MFRA shared some preliminary plans with the city for a landscaped berm on the north side of Ball Road and trees on the south side of Ball Road to provide screening. Walmart will be paying for improvements to Ball Road, Lexington Avenue at Ball Road and the southbound I-35W exit ramp to Lexington Avenue.
Chamberlain proposed setting up an escrow account that the city, property owner Harstad and Walmart would contribute to in order to compensate residents at the time of a property sale if their value dropped after Walmart was constructed.
Councilmember Dave Clark does not believe this would be feasible to implement, so he proposed the city set up a fund that these residents could tap into for fences, landscaping or home improvements to reduce noise. Anoka County set up a similar fund when it reconstructed Radisson Road, he said.
The rest of the council agreed that city staff should explore the idea.
Ball Road traffic could increase from the current 3,000 vehicles a day to over 12,000 once Walmart opens, according to a traffic study done by a Walmart consultant. In response to a council inquiry, City Engineer Jean Keely said 109th Avenue between University Avenue and Jefferson Street had 13,800 vehicles per day during the most recent 2011 traffic counts. Ulysses Street next to the Walmart off Highway 65 sees about 8,000 vehicles a day.
“It’s fine and good that the tax base is being grown, but there’s a price to be paid in the neighborhood,” Harrison said.
Hours of operation
Fleet Farm is the closest big box store to this neighborhood today, and it opens no earlier than 8 a.m. and closes no later than 9 p.m. Hovland cited this as one reason Walmart should have restricted hours.
“I’m trying to preserve some of the integrity of the neighborhood as it exists today,” Hovland said.
Planning and Community Development Director Bryan Schafer said the council can, but rarely has taken action to limit business hours. It has never happened on any big box store in Blaine, but there have been restrictions placed on certain operations such as car washes when gas stations are close to homes.
Councilmember Kathy Kolb said the Fleet Farm on the other side of Lexington Avenue from this neighborhood could be open 24 hours a day, but chooses not to.
“Whatever we do has to be in close conjunction with what we’ve done in the past, so I’m just saying we have to be held to those standards or I think we are in some risk of the choices we make,” Kolb said.
The best Blaine comparison Swanson sees is Rainbow Foods off 89th Avenue near Northtown Mall.
“Down there we took a whole neighborhood out and closed a street off. Here we’re not doing anything like that, so I don’t think it’s directly comparable to any other situation,” Swanson said.
There was some debate on whether truck traffic should be allowed to drop off merchandise between midnight and 5 a.m.
Miller said there are typically 20 to 28 Walmart trucks coming to a store each week and they show up before midnight so the third shift workers can unload the merchandise and re-stock shelves. He did not know the exact schedule of drivers bringing bread, donuts, and other produce, but said he sees trucks dropping off products on his morning commute so he said they would be arriving after 5 a.m.

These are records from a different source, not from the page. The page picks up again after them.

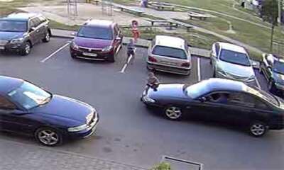 Sur un parking en Russie, un enfant se met à courir et surgit devant un automobiliste qui n'a pu le voir, car celui-ci était caché entre deux voitures. L'enfant se fait heurter et projeté au sol avant d'être pris en char...
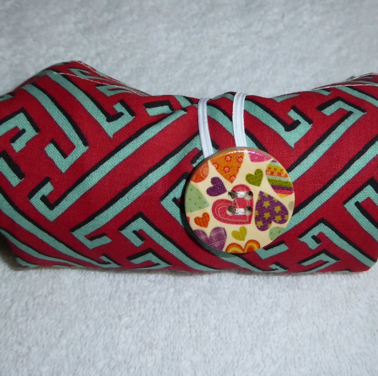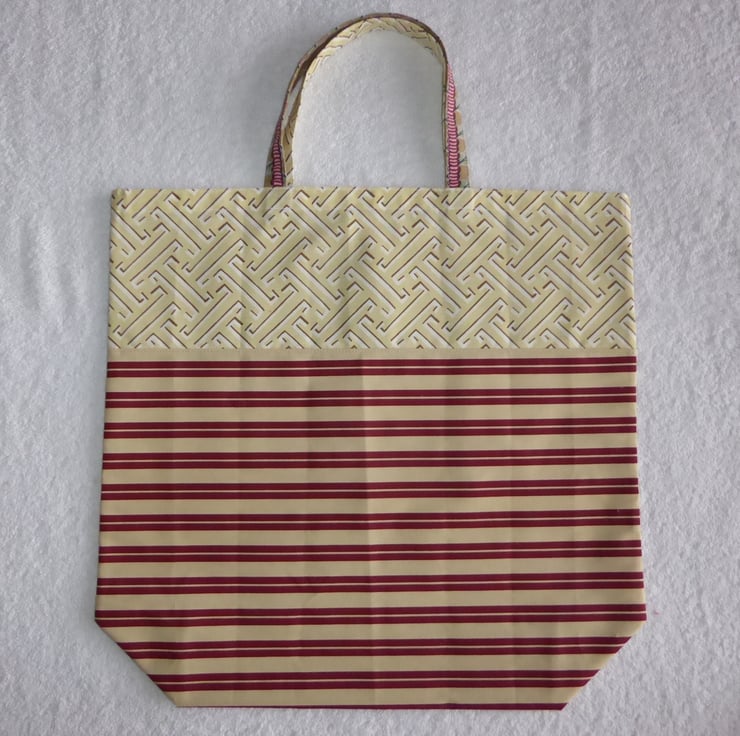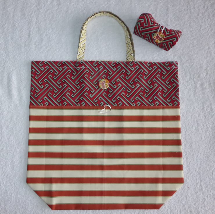 This useful bag has been created using complimentary print furnishing weight fabrics from a fabric sample book, to make a bright bag. It has been made from 100% cotton and measures w16.5" x h16" with a gusset of 5" and handle length of 14". There is an elastic and button closure so the bag can be folded and carried in your handbag. Instructions for folding are included. When folded it measures 4" x 2".
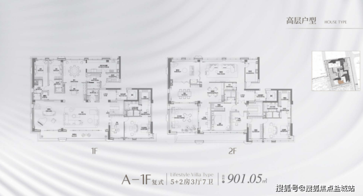 西边套是建面约370㎡左右的户型,中间套是建面约263-290㎡户型,东边套则是建面约490㎡左右的户型。3号楼还有两套顶复,建面约862-849㎡。
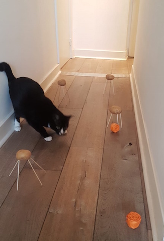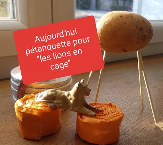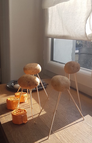 - Pour faire tes cochonnets plante 4 piques en bois dans des pommes de terre en vérifiant que ton palet aura bien la place de se glisser entre les “pattes“.
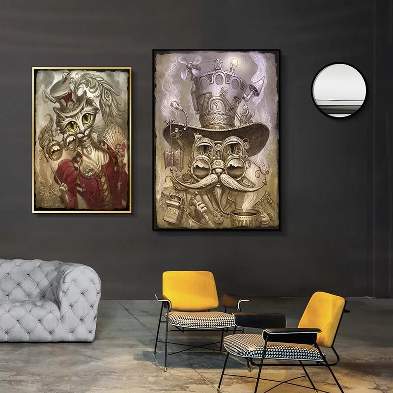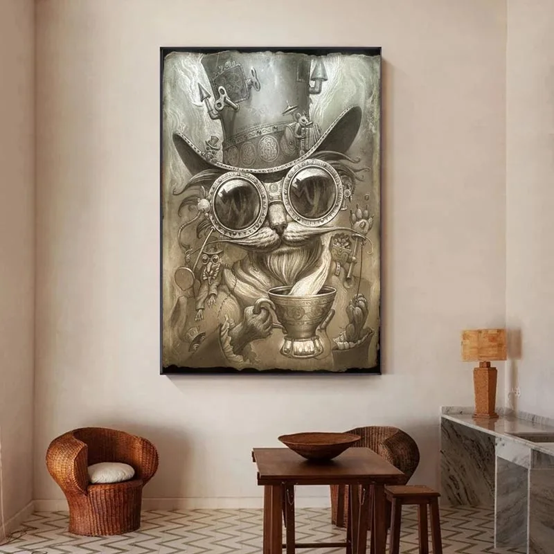 Постер с мультяшными животными, стимпанк, кошка, холст, живопись и печать, настенное искусство, скандинавский Декор для гостиной, дома, картины
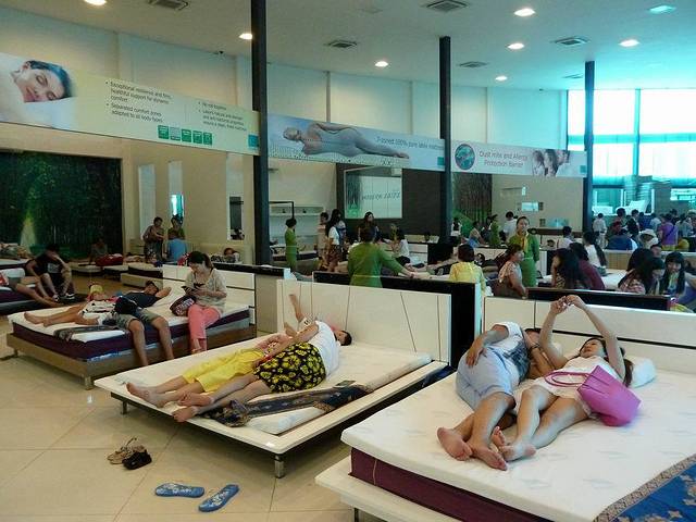 当天的第四站是乳胶加工店。这里的乳胶枕头和床垫倒是挺好的,但价格不菲,枕头600人民币一个,床垫6000~10000人民币一件(分单人和双人)。尽管如此,国人购买还是很踊跃。奇怪的是,所有的购物店,没看到一个外国人!?
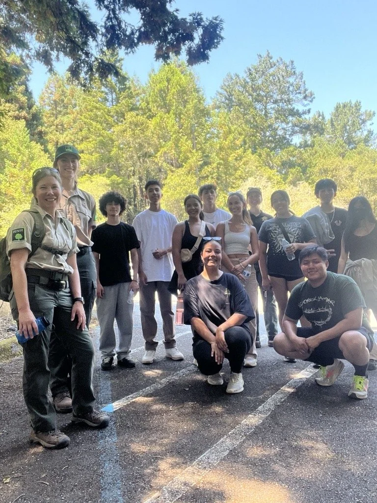 Youth participating in a guided hike of Huddart Park with San Mateo County Rangers.
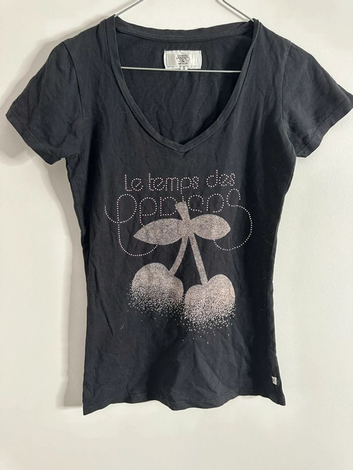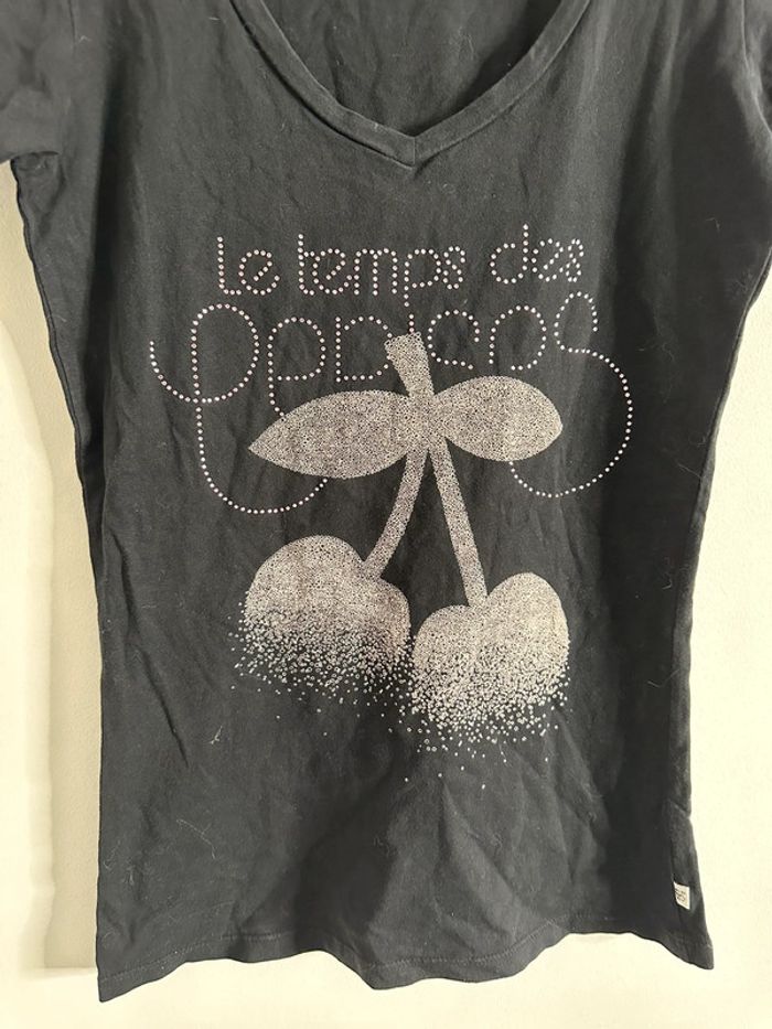 T-shirt noir et argenté - Excellent état - Le Temps des cerises - Taille S équivalent 36 - Strass argentés - Imprimé Cerise
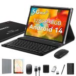 kimlok 2024 Android 14 Tablet, 10 Inch 128GB+8GB+512GB Expandable Octa-Core Processor 2-in-1 with Keyboard and Mouse, 7000mAh Battery, 5G WiFi, Dual Camera, BT5.0
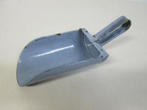 ANTIQUE GREY ENAMELWARE GRAIN OR COUNTRY STORE SCOOP IN USED CONDITION
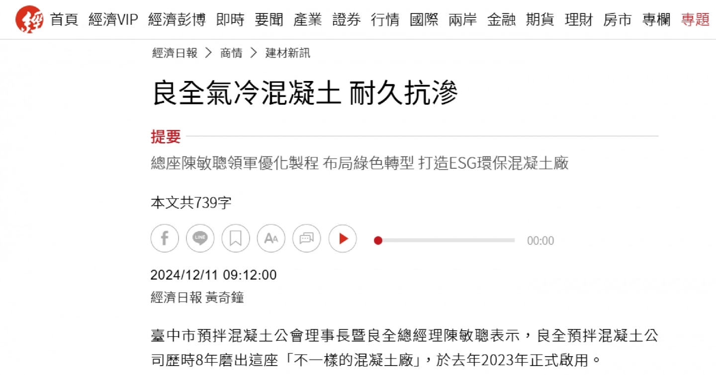 經濟日報 | 良全氣冷混凝土 耐久抗滲
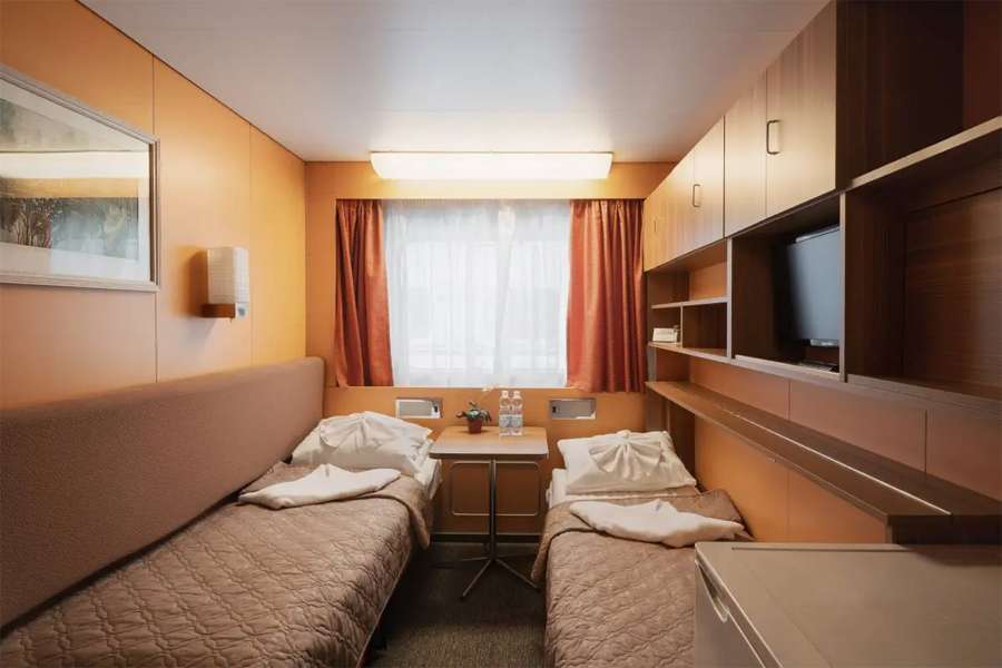 Двухместная одноярусная каюта на шлюпочной палубе. В каюте: два спальных места, шкаф для одежды, холодильник, телевизор, фен, радио, душ, санузел, кондиционер, обзорное окно, электророзетка на 220V.
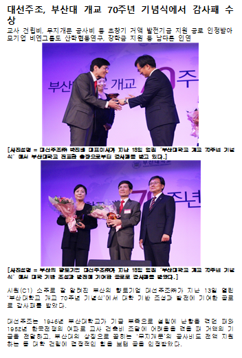 제목 대선주조, 부산대 개교 70주년 기념식에서 감사패 수상
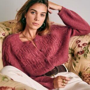 Sezane Tonio Mohair Merino Wool Sweater Cardigan Knit Berry Size Small French S
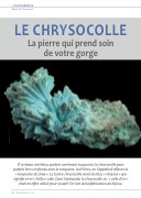 D’un beau vert-bleu, parfois carrément turquoise, le chrysocolle peut parfois être confondu avec la turquoise. Au Pérou, on l’appelle d’ailleurs la « turquoise de Lima ». Le terme chrysocolle vient du Grec « Chrysos » qui signifie or et « Kolla » colle. Dans l’antiquité, le chrysocolle ou « colle d’or » était en effet utilisé pour souder l’or lors de la fabrication de bijoux.
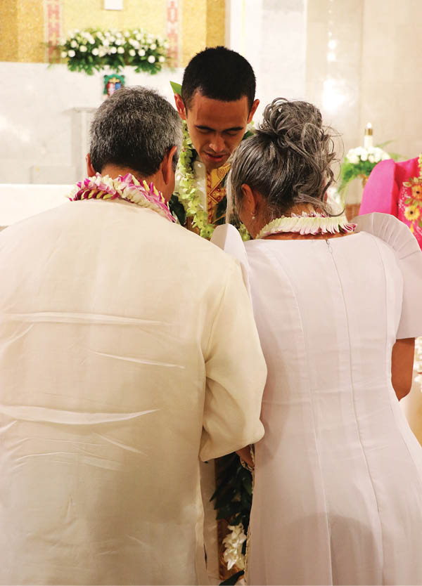 New priest Father Rosales-Llantos gives a first blessing to his parents, Errol and Lovette Llantos, after his ordination Mass. (HCH Photo | Anna Weaver )

Ryan, a retired truck driver of 35 years, said bad weather causes delays. The conditional use permit does not allow overnight parking at the store, so they would have to find somewhere else to park and sleep. He felt it made the most sense to allow them to get in, drop off their goods and leave as soon as possible.
Clark was more concerned about a 24/7 fast food restaurant or gas station being located on future development outlots the north side of the cul-de-sac at Ball Road and Hupp Street because it is closer to the neighborhood than Walmart would be.
“This council can deal with the outlots at the time application is submitted,” City Attorney Patrick Sweeney said. “If you can differentiate two different situations, you can make a different determination.”